Paper No. 112-2
Presentation Time: 1:45 PM
ERIC AS A MENTOR: LESSONS LEARNED FROM THE PALEOECOLOGICAL RECONSTRUCTION OF SWEETON POND, OZARK COUNTY, MISSOURI
Although Dr. Eric Grimm left us too soon, his work and mentorship live on through his enduring influence on Quaternary paleoecology and paleoclimatology. Eric was a champion of multiproxy, interdisciplinary research that examined environmental history across spatial and temporal scales. Eric’s willingness to collaborate with and educate young scientists, made him an incredible role model for many Quaternary researchers, and serves his legacy well. Here, we present important lessons we learned working with Eric and demonstrate how they helped inform the research and interpretation of a 1900-year-long lake sediment core from Sweeton Pond, Ozark County, Missouri. The multiproxy study from Sweeton Pond provides a high-resolution environmental history from modern oak-hickory (Quercus-Carya) forest in the central U.S. Ozark Highlands. Eric’s interest in interdisciplinary research is highlighted in this study, as pollen and charcoal data from Sweeton Pond were compared to dendroecological, historical, and archaeological data to assess the long-term role of climate, fire, and land use in shaping the local vegetation history. This study suggests that between ~80 and 1360 CE, the landscape surrounding Sweeton Pond was characterized by open oak-hickory forest and frequent, low-severity fires, contemporaneous with warm, dry conditions. At ~1360, mesic, fire-sensitive species expanded near Sweeton Pond during a period of low fire frequency, concomitant with cool, wet conditions.

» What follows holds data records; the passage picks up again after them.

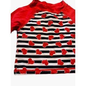 InGear Infant Girls rash guard swim set, size 12 months. Features a long sleeve top, ruffle bottom with hearts and stripes design. From a smoke-free home.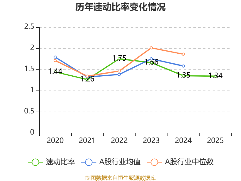 2025年,公司流动比率为1.80,速动比率为1.34。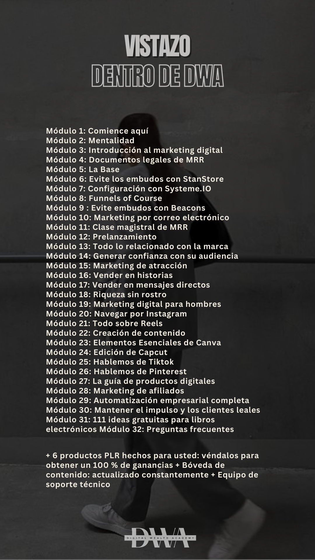 Curso de Marketing Digital - Digital Wealth Academy con más de 100 videos didácticos (los 31 módulos descritos arriba).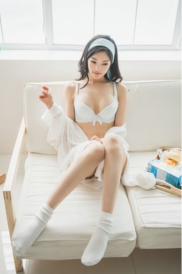 清晨内衣嫩模坐在沙发上喝牛奶诱惑-套图吧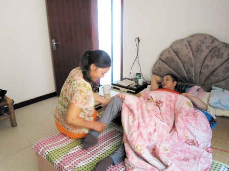 王芳做完环卫工作下班回家后,在帮丈夫按摩。资料图片 熊远帆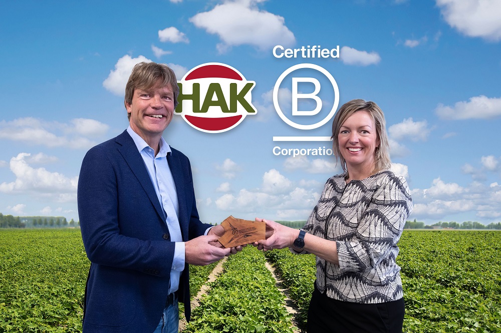 Timo Hoogeboom, CEO van HAK, nam deze week de B Corp certificering in ontvangst uit handen van Tessa van Soest, directeur van B Lab Benelux, de non-profitorganisatie achter de certificering. Daarmee mag Neerlands Glorie Groente en Fruit, waar HAK onderdeel van is, zich officieel een B Corporation noemen: een gecertificeerd bedrijf dat zich inzet voor een betere wereld, met oog voor mens, milieu en maatschappij. Hiermee krijgt HAK toegang tot de ‘B Corp community’, een netwerk van gelijkgestemde bedrijven dat kennis, inzicht en inspiratie biedt, met onder meer benchmarks en events.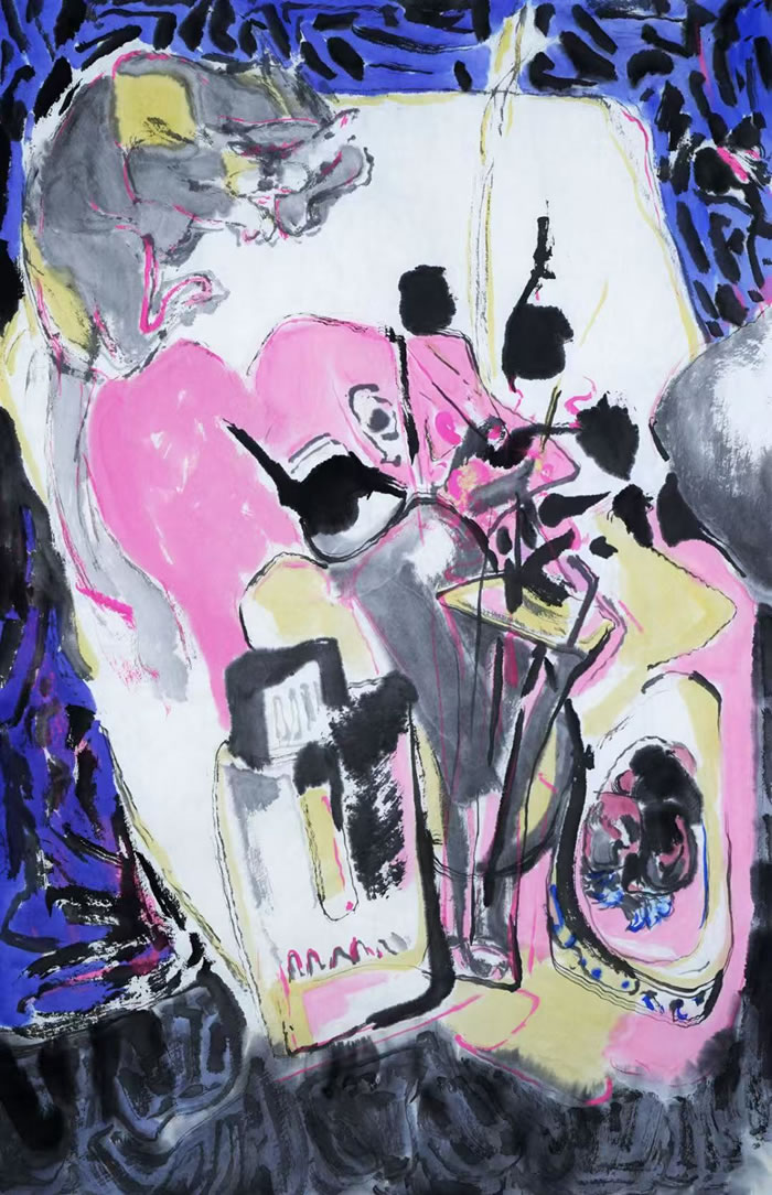 生長于白洋淀的藝術家自幼酷愛荷花,美好記憶的種子早就已經播下了。但不可能按照傳統方式去畫,在肯定現代性的欲望,甚至是紅色噴薄軀體的同時,還要使之融合到荷花的粉色花瓣與荷葉的青綠,還有荷梗的線條之中,甚至整個繪畫就是一滴滴荷葉上滑動的水珠,一起都是水,都是水線,都是水珠,都在絲絲牽纏之中,在欲斷又欲連之中,交織起來,滿福充滿,形成波波無盡的微妙振蕩。而之前的魔女形象則變得柔婉,宛若女菩薩或女神,經過水珠的洗滌而變得赤裸純潔,這是繪畫的洗滌,這是欲望的消融,這是《愛蓮說》的真意:“予獨愛蓮之出淤泥而不染,濯清漣而不妖?!比诵缘耐懽円呀洶l生。

Despite climate conditions that were seemingly less favorable for fire, increased Osage American Indian land use in the Ozark Highlands by the 15th century, was accompanied by more fires and increased abundance of fire-dependent shortleaf pine (Pinus echinata) near Sweeton Pond. The expansion of both fire-sensitive and fire-dependent taxa coincident with Osage occupation of the area suggests that American Indian land use increased landscape heterogeneity. Large increases in disturbance pollen types (e.g. Ambrosia-type) at the expense of shortleaf pine pollen indicate extensive Euro-American settlement in the nineteenth century. Euro-American settlement brought with it extensive agriculture and logging near Sweeton Pond, which gave rise to fuel fragmentation and the reduction of fire activity. After 1920, fire was actively suppressed.